EXERCISE DESCRIPTION
All the lines below should be set down exactly, with no picture carried into the copy.

SOURCE DATA
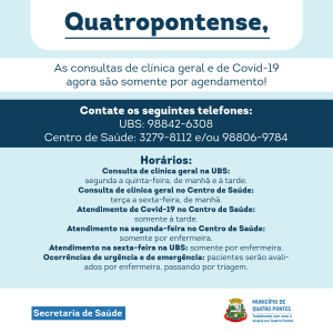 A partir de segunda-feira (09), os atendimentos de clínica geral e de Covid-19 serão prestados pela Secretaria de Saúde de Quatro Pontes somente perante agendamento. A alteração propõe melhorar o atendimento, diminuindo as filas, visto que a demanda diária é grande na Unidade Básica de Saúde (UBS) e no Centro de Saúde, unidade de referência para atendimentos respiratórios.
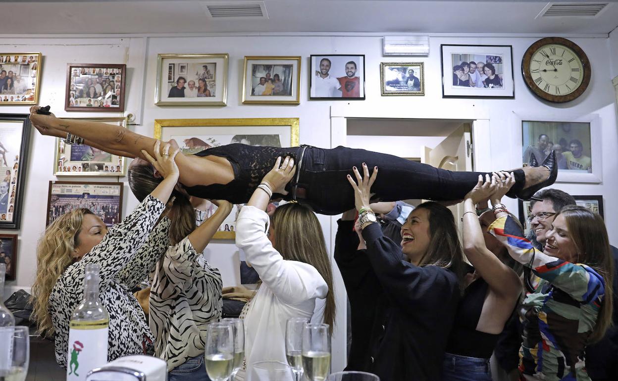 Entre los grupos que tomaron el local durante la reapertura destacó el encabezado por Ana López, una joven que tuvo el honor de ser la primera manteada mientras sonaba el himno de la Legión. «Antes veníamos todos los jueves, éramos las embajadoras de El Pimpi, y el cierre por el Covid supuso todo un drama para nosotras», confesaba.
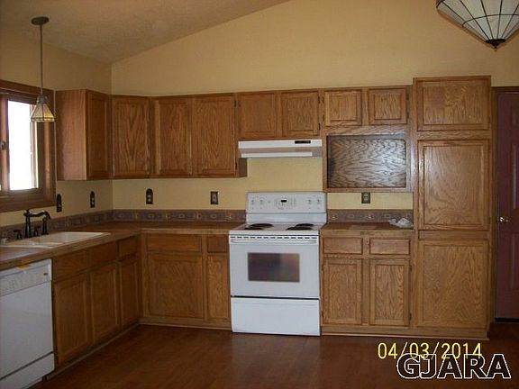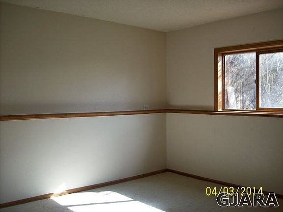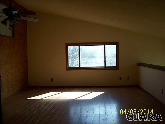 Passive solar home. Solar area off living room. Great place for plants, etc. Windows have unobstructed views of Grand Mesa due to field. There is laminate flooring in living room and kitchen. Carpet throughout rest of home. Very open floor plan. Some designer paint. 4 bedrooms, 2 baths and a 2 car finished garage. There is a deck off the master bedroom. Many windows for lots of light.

EXERCISE RESPONSE
 A partir de segunda-feira (09), os atendimentos de clínica geral e de Covid-19 serão prestados pela Secretaria de Saúde de Quatro Pontes somente perante agendamento. A alteração propõe melhorar o atendimento, diminuindo as filas, visto que a demanda diária é grande na Unidade Básica de Saúde (UBS) e no Centro de Saúde, unidade de referência para atendimentos respiratórios.
 Entre los grupos que tomaron el local durante la reapertura destacó el encabezado por Ana López, una joven que tuvo el honor de ser la primera manteada mientras sonaba el himno de la Legión. «Antes veníamos todos los jueves, éramos las embajadoras de El Pimpi, y el cierre por el Covid supuso todo un drama para nosotras», confesaba.
 Passive solar home. Solar area off living room. Great place for plants, etc. Windows have unobstructed views of Grand Mesa due to field. There is laminate flooring in living room and kitchen. Carpet throughout rest of home. Very open floor plan. Some designer paint. 4 bedrooms, 2 baths and a 2 car finished garage. There is a deck off the master bedroom. Many windows for lots of light.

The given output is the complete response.